As an avid baseball fan, one part of fall I enjoy as much as the colorful leaves and crisp air is the postseason. I was excited to see both the Tampa Bay Rays and Los Angeles Dodgers in the playoffs again after facing each other in the World Series last year. I should note this fact did little to heal the familiar heartbreak the Cubs have provided to devoted fans like me this season.
While both the Rays and the Dodgers are great teams, what makes Tampa’s continuing success especially impressive is their meager payroll—around $70 million in 2021 compared to the Dodgers $267 million, which is the highest in baseball[1]. The discrepancy was similar last year, when the Dodgers’ payroll was about four times as much as the Rays[2].
Financial professionals can learn a lot from the Rays’ approach to building strong teams—even if they’re not baseball fans and despite the team’s heartbreaking loss to the Red Sox recently to end their postseason. In fact, by applying a similar strategy to their practices, they can support better retirement outcomes for their clients and offer greater clarity and confidence. If you’re skeptical, please join me in a little baseball talk.
Moneyball Redefines The Art Of Winning
First, let’s briefly examine the Rays’ philosophy to roster-building. They are credited with improving on the “Moneyball” methodology pioneered by Oakland Athletics manager Billy Beane in the early 2000s[3]. The term became popular after author Michael Lewis published Moneyball: The Art of Winning an Unfair Game in 2003[4], which was later adapted into a popular movie starring Brad Pitt as Beane[5].
Faced with a tight budget, Beane and his staff shunned conventional baseball wisdom to compete with richer clubs. They theorized that traditional measures of a player’s worth like batting average or the “pop” of the ball off his bat didn’t represent his true contribution to winning. Using quantifiable traits that could be measured statistically, they found that certain attributes most teams barely considered were highly correlated with winning games[6].
For instance, they determined a player’s on-base percentage is one of the most important contributors to the success of a ball club[7]. Whether a player reached base from a hit or walk didn’t matter, so the more traditional batting average metric was far less important than many realized.
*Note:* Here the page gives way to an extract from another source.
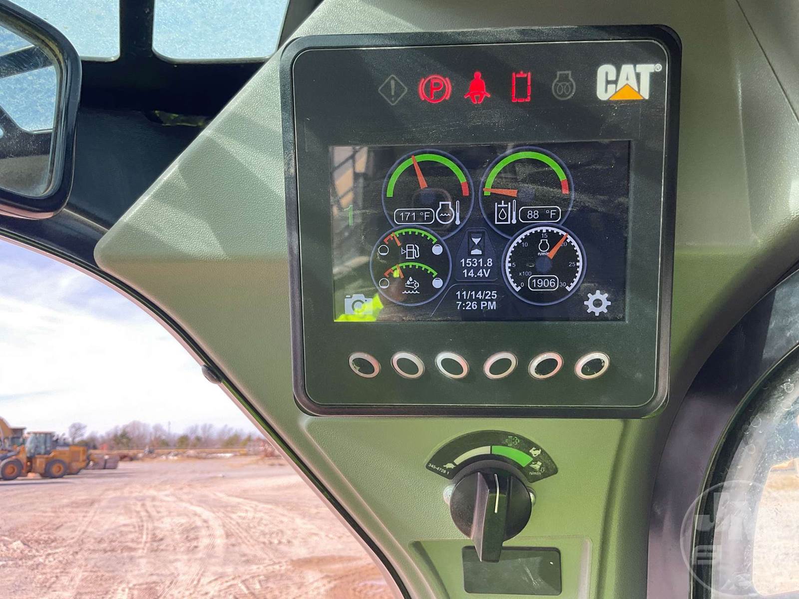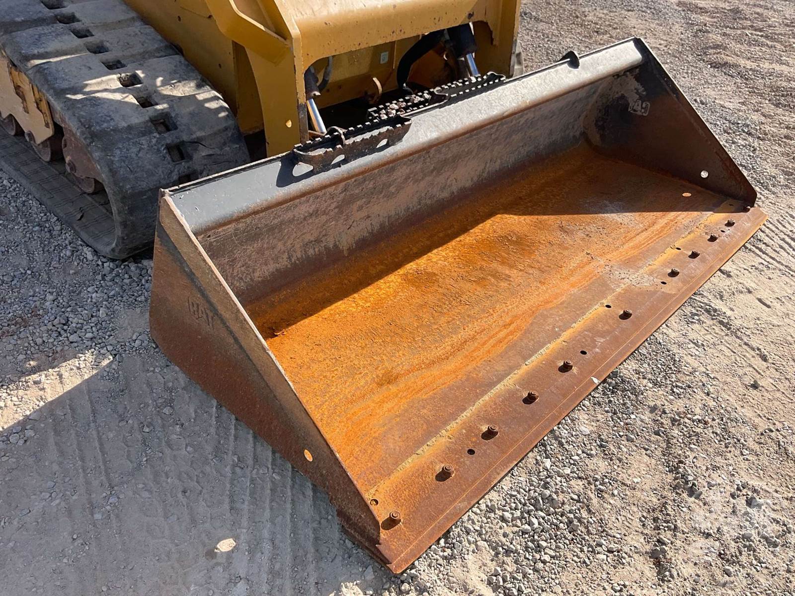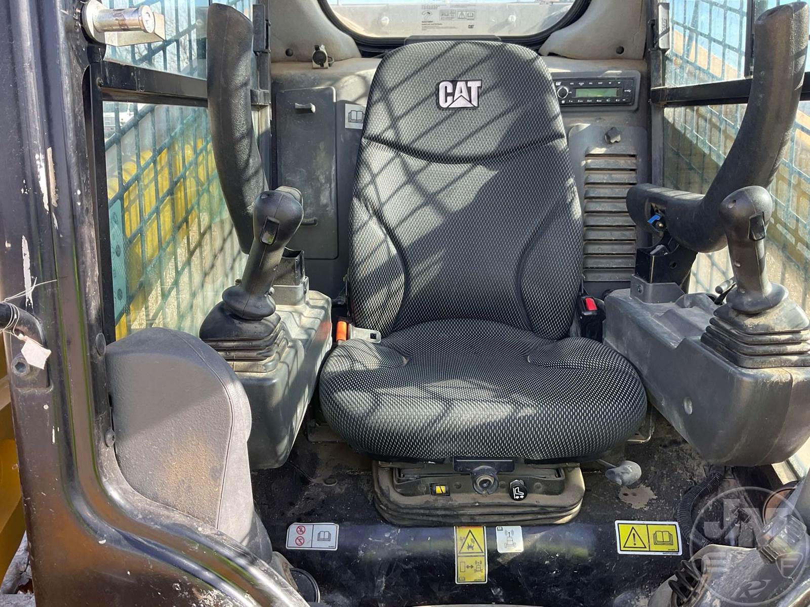 CATERPILLAR MULTI TERRAIN LOADER, CAB, AC, RADIO, REAR VIEW CAMERA, AUX HYDRAULICS, HYDRAULIC COUPLER, 2 SPEED, HAND CONTROLS, 84", SMOOTH BUCKET, 18", RUBBER TRACKS, CATERPILLAR, HOUR METER READS: 1531

By favoring slugging percentage—a measure of a hitter’s batting productivity—and other statistics that more reliably predict wins, they gained an edge over the big-market ball clubs with their roster of undervalued players that could compete against any team[8]. The Rays have been winning consistently by playing Moneyball some 20 years later.
Retirement Planning: Telling The Whole Story
The way Beane defined winning attributes in baseball also can be applied to successful financial planning. We often do a good job on the financial part without considering what a winning financial plan really looks like through the eyes of clients. In the process, we can focus too much on success as measured by financial planning software—think batting average—that doesn’t really tell the whole story.
Most financial planning software relies on probabilities from random Monte Carlo trials. It can advise you how often a client is likely to run out of money before the end of their plan or the likelihood they will meet their financial goals[9]. If a client can meet these goals in 850 out of 1,000 randomized trails, then the plan would have an 85% probability of success.
There is certainly nothing wrong with an 85% success rate and no doubt that Monte Carlo is a great way to determine how a specific recommendation might affect the plan or whether it’s significantly better or worse than another. However, if all you’re considering is this probability, you and your client aren’t getting the whole story.
For example, imagine retirement plans A and B both have an 85% probability of success but in Plan A, only 20% of the projected expenses are covered by guaranteed income. We know most retirees spend the money that comes in as regular income flow and try to preserve their assets, instead of spending down their savings[10]. For this reason, if Plan B includes a guaranteed income product such as an annuity to cover a higher portion of expenses than Plan A, most clients would likely consider it a more favorable plan.
In other words, just as two players with similar batting averages can have very different impacts on a team, two plans with identical probabilities of success can deliver vastly different client experiences. We can also consider how the plan fares in an extreme bear market trial — whether it fails at 20 or 25 years into the plan—or the magnitude of the shortfall, whether it involves going broke by a dollar or $10 million[11]. A Monte Carlo’s probability doesn’t provide this information, although from a client’s lens, these are important variables.